US2013 / 069561 A1 discloses a method for controlling an LED light which comprises at least a first LED arrangement and a second LED arrangement; wherein the first LED arrangement and the second LED arrangement emit light with different light spectra during operation.

It is an object of the present invention to improve a method of the type mentioned at the outset in such a way that it is possible to react more optimally to unforeseen deviations in the daily routine, also with regard to the emission of light.

This object is achieved by a method according to claim 1 and by an LED light according to claim 14.

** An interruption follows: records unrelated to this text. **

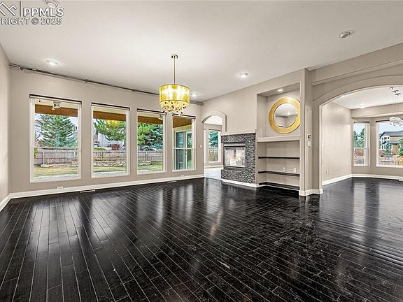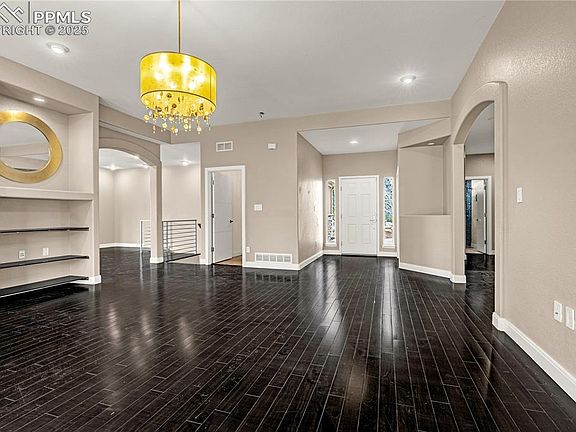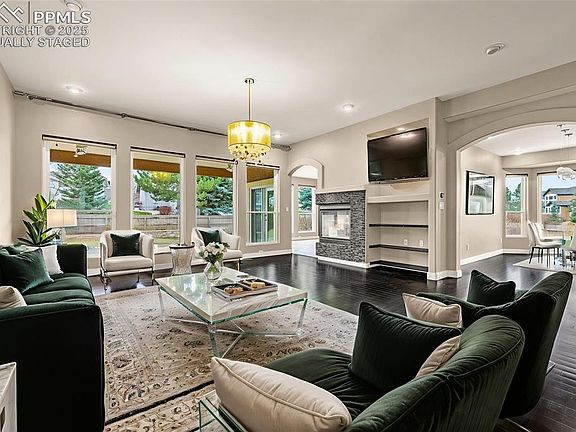 Welcome to this beautifully upgraded home on a quiet cul-de-sac minutes from Pine Creek Golf Club. This property offers an “everyday vacation” feel with tree-lined morning walks and stunning views of Pikes Peak and the Front Range. Inside, enjoy a gourmet kitchen with custom cabinetry, double ovens, two dishwashers, dual sinks, and a floor-to-ceiling pantry. Oversized windows overlook a private, fully landscaped backyard complete with loads of perennials. The heated, extended flagstone patio allows for year-round entertaining, and the spacious yard easily accommodates multiple activities—custom commercial playset, trampoline space, and more. Unwind in the spa-inspired primary bath featuring a deep soaking tub, custom cabinetry, and elegant European finishes. Additional highlights include high-efficiency windows and custom shades (2018), expanded window wells, Legrand recessed outlets and switches, and over 100 thoughtfully placed trees and shrubs creating a peaceful, private setting. Too many upgrades to list!. This home truly offers comfort, style, and the best of Pine Creek living.
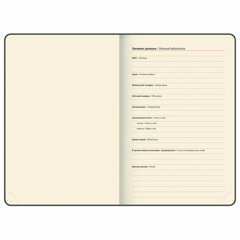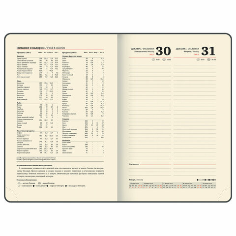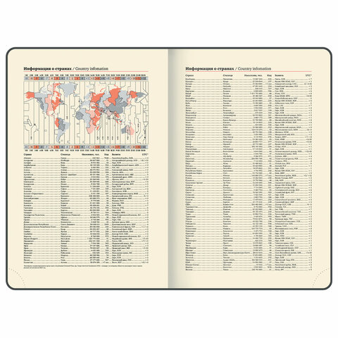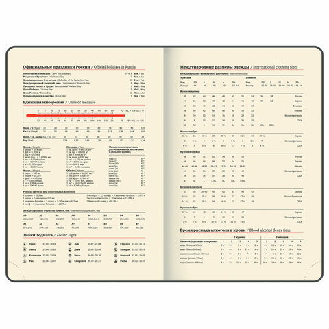 Внутренний блок включает 168 листов кремовой бумаги плотностью 70 г/м2. Каждая страничка имеет перфорированный угол. Благодаря классическому формату А5 (151х213 мм) ежедневник удобно использовать как в офисе, так и на выездных деловых встречах. Твердая обложка стилизована под кожу с легкой текстурной поверхностью, приятной на ощупь. Материал обложки подходит для горячего тиснения. Дополнениями являются две закладки-ляссе, с помощью которой при необходимости можно быстро открыть или зафиксировать нужную страницу, и держатель для ручки. Резинка-фиксатор не позволит ежедневнику открыться в сумке или портфеле, поэтому страницы не помнутся. Ежедневник снабжен обширным справочным материалом.
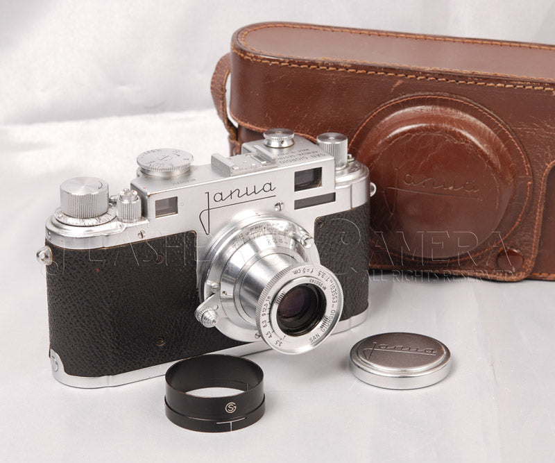 イタリアのSan Giogiro社が、1949年頃に製造した35mmレンジファインダー・カメラ。長基線長連動距離計、光学露出計、1/1000シャッター、一軸不回転シャッターダイアル、セルフタイマーなど当時ライカにも無かった機構も盛り込んだ意欲機。イタリア人設計者の心意気を感じます。レンズはヤヌア専用のバヨネット・マウントで、厳密にはライカコピーとは言えませんが、数あるライカ型カメラの中でも傑出したスタイルで風格を感じます。Essegiレンズの描写も大変シャープで定評があります。純正のかぶせフード付。
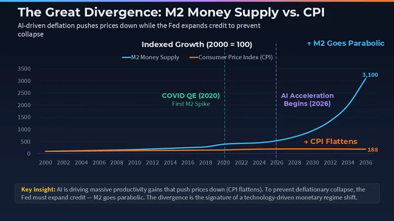 Burnett的论点集中在其所称的“AI通缩引擎”,认为人工智能推动的自动化与成本降低将带来持续的通缩压力。
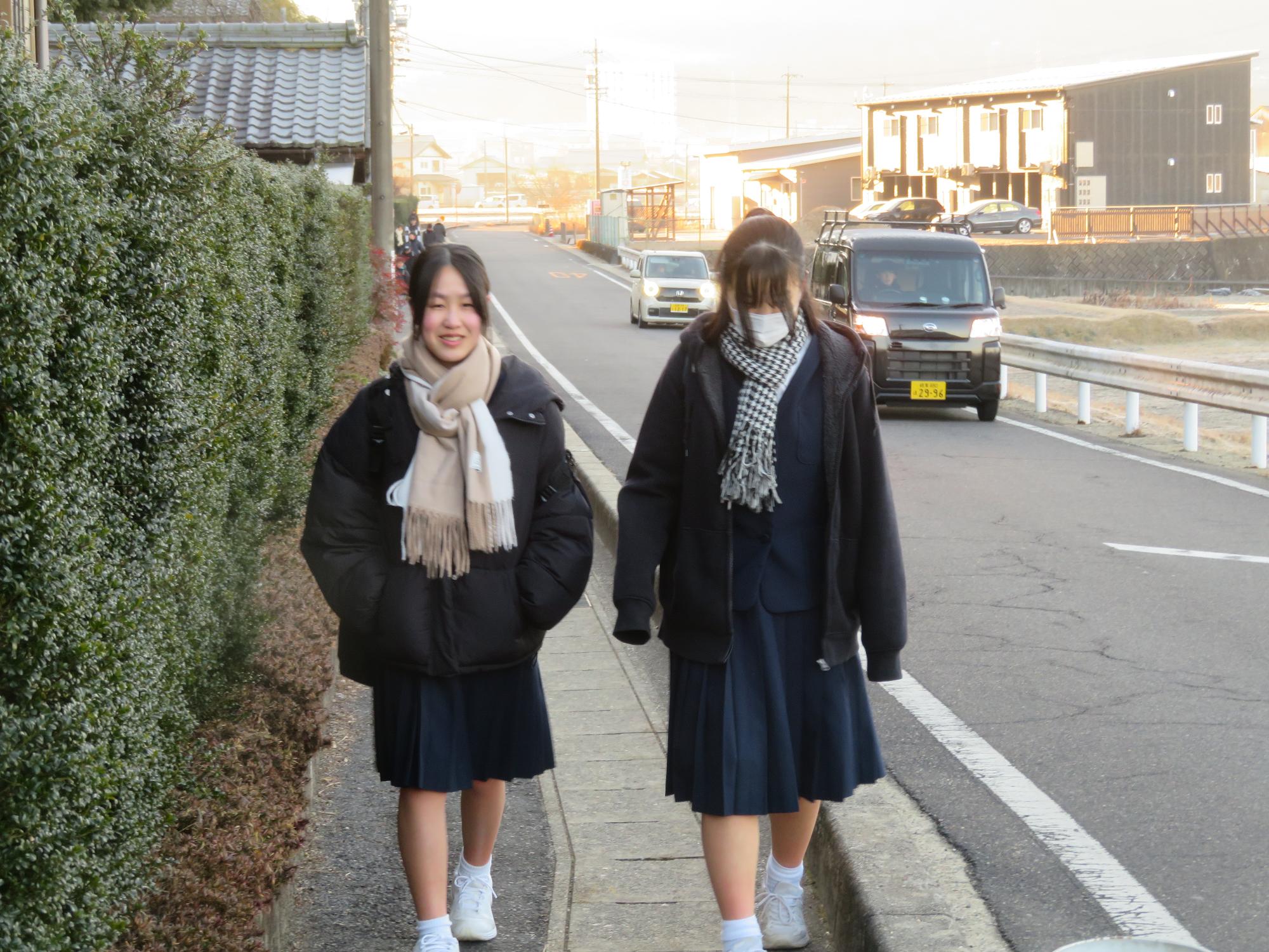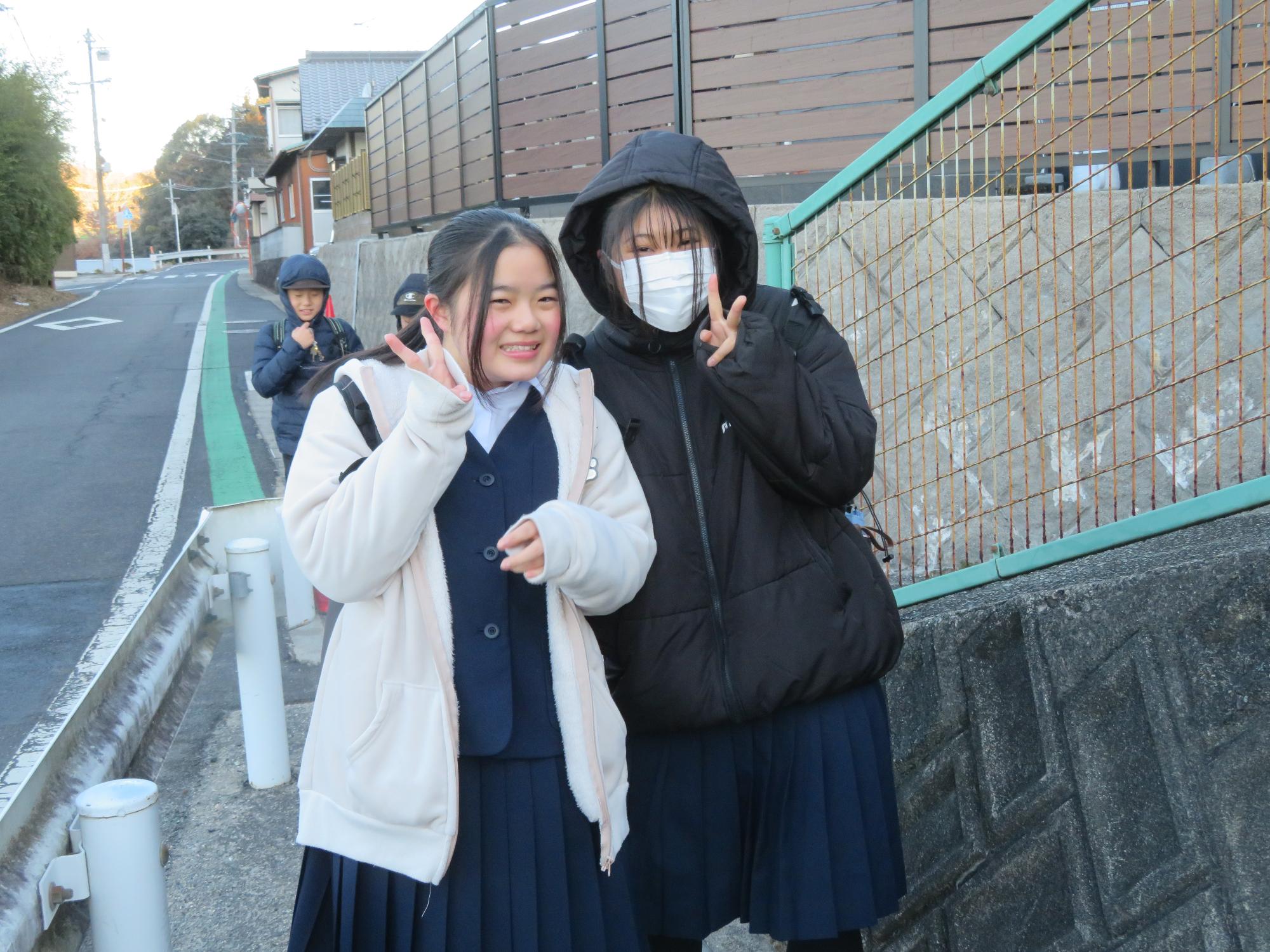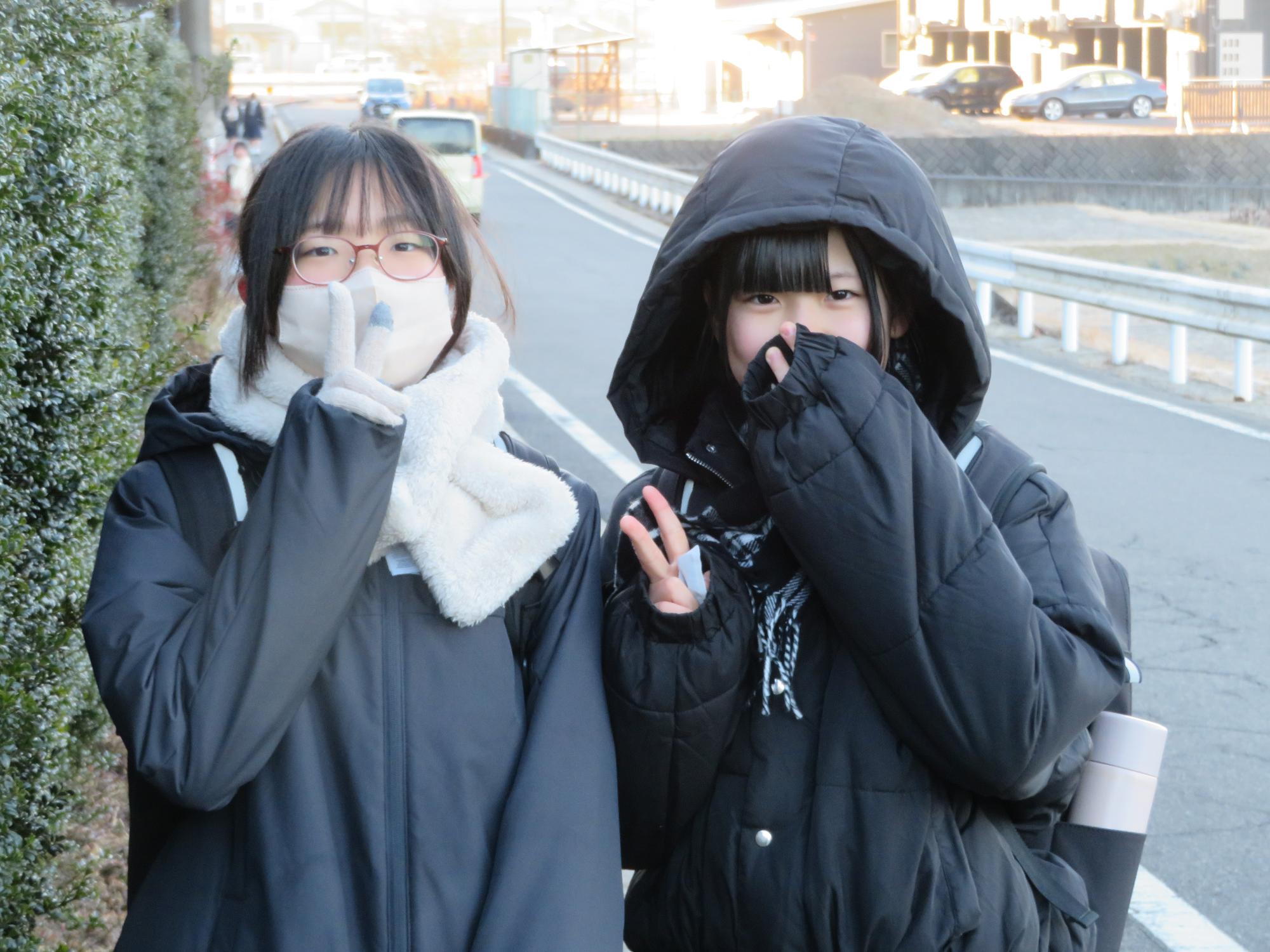 -4℃の寒さの中の登校 更新日:2026年01月09日 今日7:00の外気温は-4℃。凍り付くような寒さの中、今日も坂中生の元気に登校する姿が見られました。特に今日は全校実力テストの日のため制服登校。「ジャージより寒い!」と話す生徒も多かったですが、寒さの中、笑顔で登校する姿にさわやかさも感じられました。実力テストが終わった後も、そのさわやかさが残っていてほしいと感じながら登校を見守る朝の風景でした。
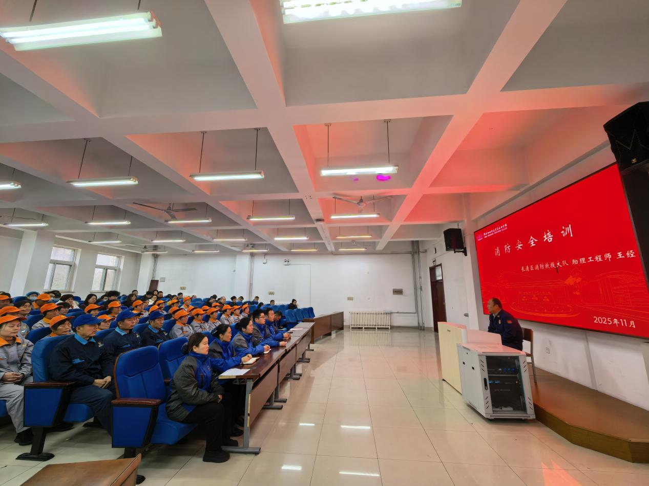 2025年11月为全国第34个“消防安全月”。为全面贯彻“预防为主,生命至上”的消防工作方针,切实提升校园后勤服务队伍的消防安全意识和应急处突能力,11月23日,学校总务处精心组织了一场面向所有第三方服务公司的消防安全专项培训。本次培训特邀长清区消防救援大队助理工程师王经同志担任主讲,物业、绿化、餐厅、维保等全体在校服务的第三方公司员工参加了此次培训。
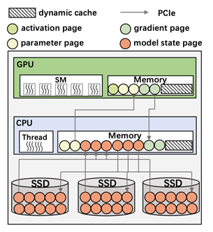 近年来,大规模预训练模型取得了前所未有的成就。腾讯公司的多款产品和服务,如微信、QQ和腾讯广告,已经广泛应用这些先进的预训练模型以提升用户体验和服务质量。文章Angel-PTM: A Scalable and Economical Large-scale Pre-training System in Tencent提出了Angel-PTM,一个专为大模型预训练而精心构建的工业级深度学习系统,可以利用GPU服务器中的多层存储高效地训练超大规模的模型。Angel-PTM 的关键设计在于其基于Page抽象的细粒度内存管理和一个统一视角的训练调度器,该调度器高效地协调了计算、CPU与GPU之间的数据传输以及GPU间的通信。此外,Angel-PTM通过使用SSD存储来支持超大规模模型的训练,并提出了无锁更新机制以缓解SSD I/O带宽瓶颈的问题。实验结果表明,相比现有系统, Angel-PTM在相同GPU资源下支持更大的模型训练(提升114.8%),且训练吞吐提升了88.9%。此外,我们还对AngelPTM在千卡A100 GPUs训练GPT3-175B和T5-MoE-1.2T模型的性能进行了测试,从而进一步验证了其出色的的可扩展性。
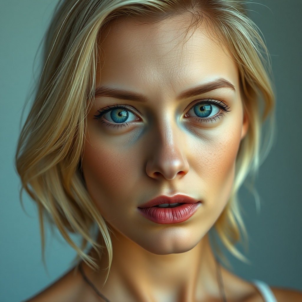 A stunning portrait of an ohwx woman gazing confidently at the viewer, a 40-year-old with a full body pose. Captured with a Leica 50mm lens, the photograph boasts exceptional quality and high resolution, enhanced by the exquisite lighting reminiscent of Hasselblad photography. Her blonde hair frames a face with textured and naturally imperfect skin, offering a sense of realism. The art piece blends styles of airbrushed and 3D render techniques, with elements of painting, anime, manga, and illustration woven together. Despite the surreal aspects, there’s a focus on maintaining human anatomy, avoiding any additional or missing limbs. Muted details like big eyes and unique features like piercings are subtly included. The essence of the snapshot remains a harmonious fusion of cartoon-like smoothness and a child's wonder. The face is captured with elegance, avoiding any exaggerated features, while the minimalist approach to jewelry contributes to the picture-perfect yet genuine portrayal of beauty.

In the method according to the invention for controlling an LED lamp, the proportions of the light emitted by the first LED array and the second LED array within a total light spectrum of the LED array according to a predetermined spectrum control function z. B. controlled throughout the day. The spectrum control function therefore specifies the powers with which the LED arrangements are operated (relative to one another) in order to obtain a desired overall light spectrum, this being inter alia. can be defined by a color temperature value or light temperature value (e.g. an average value or a maximum of the total light spectrum). This spectrum control function is preferably, as described, a melanopically effective, time-dependent, in particular circadian spectrum control curve, which can have an optical effect on the melatonin balance of the user through the light color or the blue component. However, according to the invention, upon receipt of a temporary short-term dose change signal, preferably dose increase signal, at least the first LED arrangement for a predefined dose change time span, preferably dose increase time span, is controlled temporarily deviating from the predetermined control curve so that it is operated with a predetermined minimum power or the proportion of the light of this first LED arrangement within the total light spectrum of the LED arrangements is a certain minimum proportion and that after the predefined dose change time span the LED arrangements are controlled according to a predetermined control rule so that the total light spectrum again corresponds to the predetermined spectrum control curve. This means that at the then current point in time the respective proportions of the light of the LED arrangements are selected again in such a way that light is output with the total color temperature or total light spectrum predetermined by the spectrum control function at this point in time. This corresponds to a kind of superimposition of the actual spectrum control function by a control in accordance with the temporary short-term dose change signal.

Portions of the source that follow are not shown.